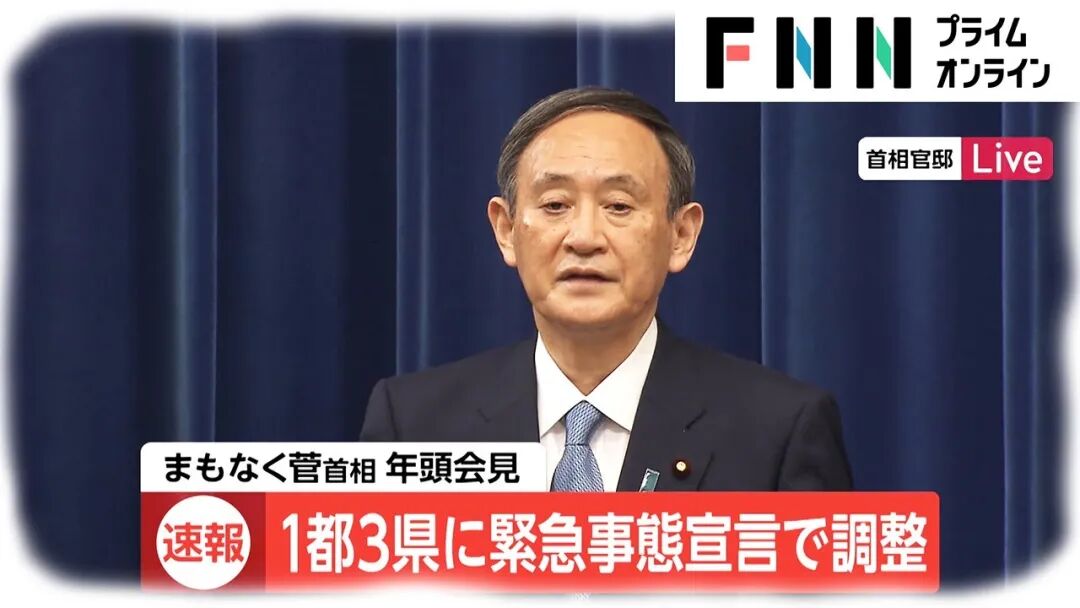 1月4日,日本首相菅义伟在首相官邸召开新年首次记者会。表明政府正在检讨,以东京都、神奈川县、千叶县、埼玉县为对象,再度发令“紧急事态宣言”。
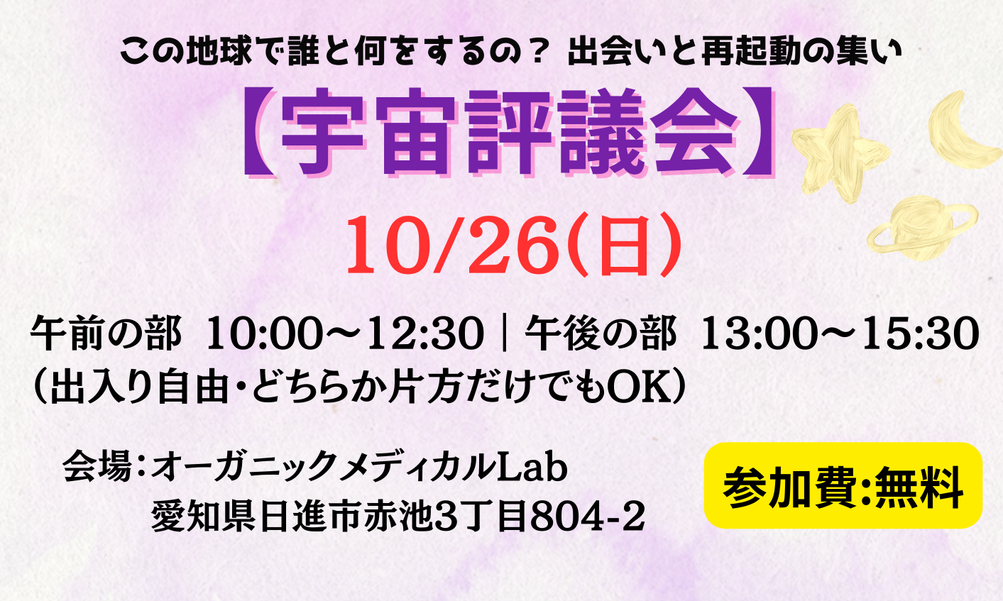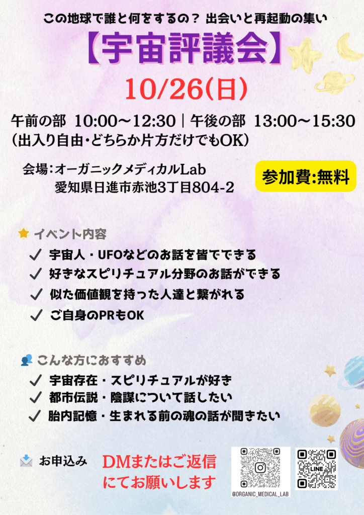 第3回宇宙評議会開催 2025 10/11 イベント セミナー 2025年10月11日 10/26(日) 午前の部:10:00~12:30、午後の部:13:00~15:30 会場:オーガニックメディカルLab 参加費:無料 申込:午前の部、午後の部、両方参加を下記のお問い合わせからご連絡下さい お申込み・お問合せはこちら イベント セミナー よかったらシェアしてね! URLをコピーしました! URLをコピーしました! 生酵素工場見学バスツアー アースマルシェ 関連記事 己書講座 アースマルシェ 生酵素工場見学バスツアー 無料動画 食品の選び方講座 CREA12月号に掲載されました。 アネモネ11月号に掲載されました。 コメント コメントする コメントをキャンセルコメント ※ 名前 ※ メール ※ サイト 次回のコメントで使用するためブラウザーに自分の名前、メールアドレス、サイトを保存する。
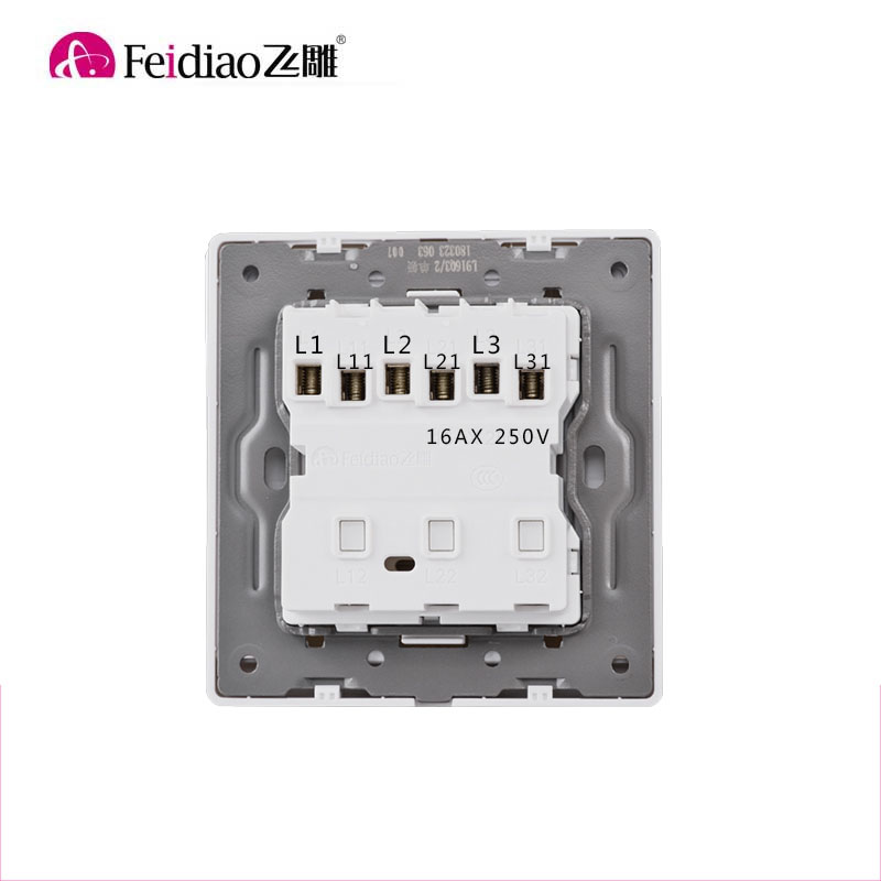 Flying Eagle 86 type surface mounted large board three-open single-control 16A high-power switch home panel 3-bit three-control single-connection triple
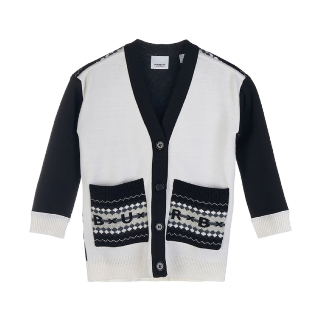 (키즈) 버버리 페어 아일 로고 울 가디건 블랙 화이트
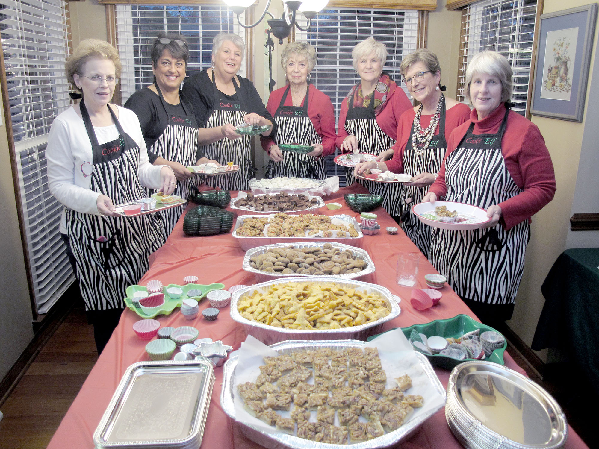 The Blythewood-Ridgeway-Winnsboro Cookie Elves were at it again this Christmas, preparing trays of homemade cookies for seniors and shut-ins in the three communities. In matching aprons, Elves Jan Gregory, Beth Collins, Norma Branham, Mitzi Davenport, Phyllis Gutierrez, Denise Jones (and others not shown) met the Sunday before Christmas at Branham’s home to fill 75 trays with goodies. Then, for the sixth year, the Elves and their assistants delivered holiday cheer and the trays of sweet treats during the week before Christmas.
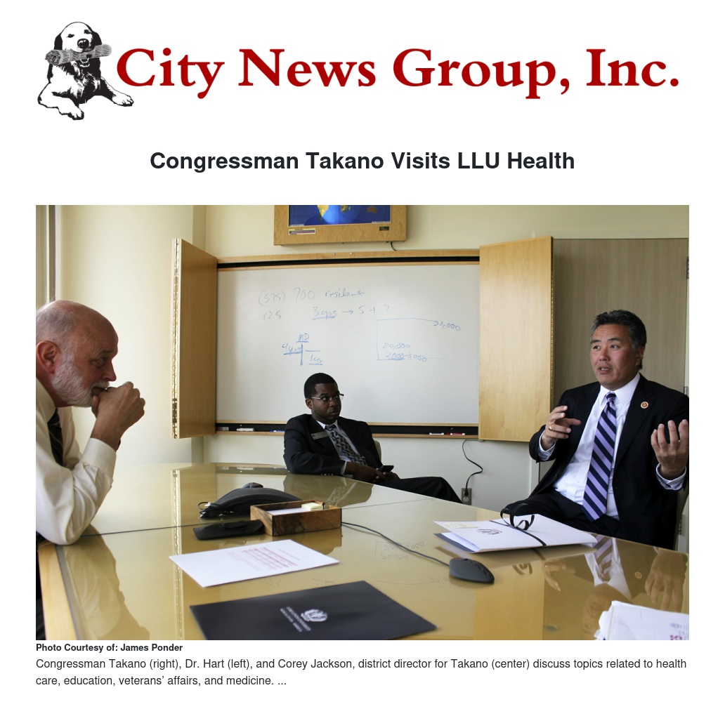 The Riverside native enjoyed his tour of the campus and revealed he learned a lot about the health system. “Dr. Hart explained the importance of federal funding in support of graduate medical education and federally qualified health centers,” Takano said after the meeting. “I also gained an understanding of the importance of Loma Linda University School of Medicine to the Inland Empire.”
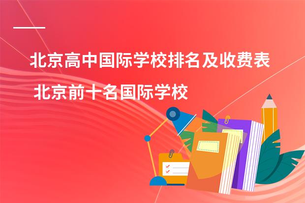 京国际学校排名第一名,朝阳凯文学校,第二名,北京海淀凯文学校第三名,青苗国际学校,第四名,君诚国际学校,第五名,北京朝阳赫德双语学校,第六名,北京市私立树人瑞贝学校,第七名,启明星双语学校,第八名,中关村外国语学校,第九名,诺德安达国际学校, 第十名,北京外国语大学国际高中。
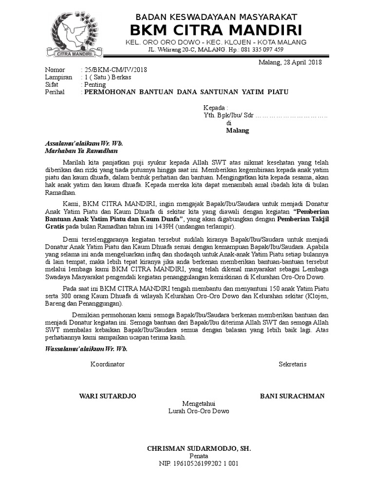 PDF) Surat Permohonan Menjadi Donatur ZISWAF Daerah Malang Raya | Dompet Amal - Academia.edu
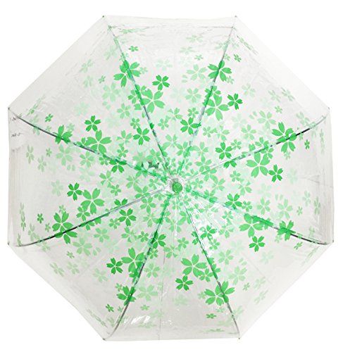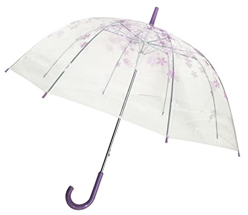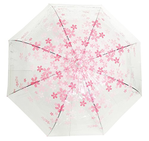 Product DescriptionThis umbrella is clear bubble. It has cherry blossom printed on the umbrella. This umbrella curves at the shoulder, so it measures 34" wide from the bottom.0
++++++++++
**ACTIVITY:** Reproduce the material above from its first line through the line containing "PDF) Surat Permohonan", both ends included, and skip every picture.

**RESULT FOR THIS EXERCISE:**
 1月4日,日本首相菅义伟在首相官邸召开新年首次记者会。表明政府正在检讨,以东京都、神奈川县、千叶县、埼玉县为对象,再度发令“紧急事态宣言”。
 第3回宇宙評議会開催 2025 10/11 イベント セミナー 2025年10月11日 10/26(日) 午前の部:10:00~12:30、午後の部:13:00~15:30 会場:オーガニックメディカルLab 参加費:無料 申込:午前の部、午後の部、両方参加を下記のお問い合わせからご連絡下さい お申込み・お問合せはこちら イベント セミナー よかったらシェアしてね! URLをコピーしました! URLをコピーしました! 生酵素工場見学バスツアー アースマルシェ 関連記事 己書講座 アースマルシェ 生酵素工場見学バスツアー 無料動画 食品の選び方講座 CREA12月号に掲載されました。 アネモネ11月号に掲載されました。 コメント コメントする コメントをキャンセルコメント ※ 名前 ※ メール ※ サイト 次回のコメントで使用するためブラウザーに自分の名前、メールアドレス、サイトを保存する。
 Flying Eagle 86 type surface mounted large board three-open single-control 16A high-power switch home panel 3-bit three-control single-connection triple
 (키즈) 버버리 페어 아일 로고 울 가디건 블랙 화이트
 The Blythewood-Ridgeway-Winnsboro Cookie Elves were at it again this Christmas, preparing trays of homemade cookies for seniors and shut-ins in the three communities. In matching aprons, Elves Jan Gregory, Beth Collins, Norma Branham, Mitzi Davenport, Phyllis Gutierrez, Denise Jones (and others not shown) met the Sunday before Christmas at Branham’s home to fill 75 trays with goodies. Then, for the sixth year, the Elves and their assistants delivered holiday cheer and the trays of sweet treats during the week before Christmas.
 The Riverside native enjoyed his tour of the campus and revealed he learned a lot about the health system. “Dr. Hart explained the importance of federal funding in support of graduate medical education and federally qualified health centers,” Takano said after the meeting. “I also gained an understanding of the importance of Loma Linda University School of Medicine to the Inland Empire.”
 京国际学校排名第一名,朝阳凯文学校,第二名,北京海淀凯文学校第三名,青苗国际学校,第四名,君诚国际学校,第五名,北京朝阳赫德双语学校,第六名,北京市私立树人瑞贝学校,第七名,启明星双语学校,第八名,中关村外国语学校,第九名,诺德安达国际学校, 第十名,北京外国语大学国际高中。
 PDF) Surat Permohonan Menjadi Donatur ZISWAF Daerah Malang Raya | Dompet Amal - Academia.edu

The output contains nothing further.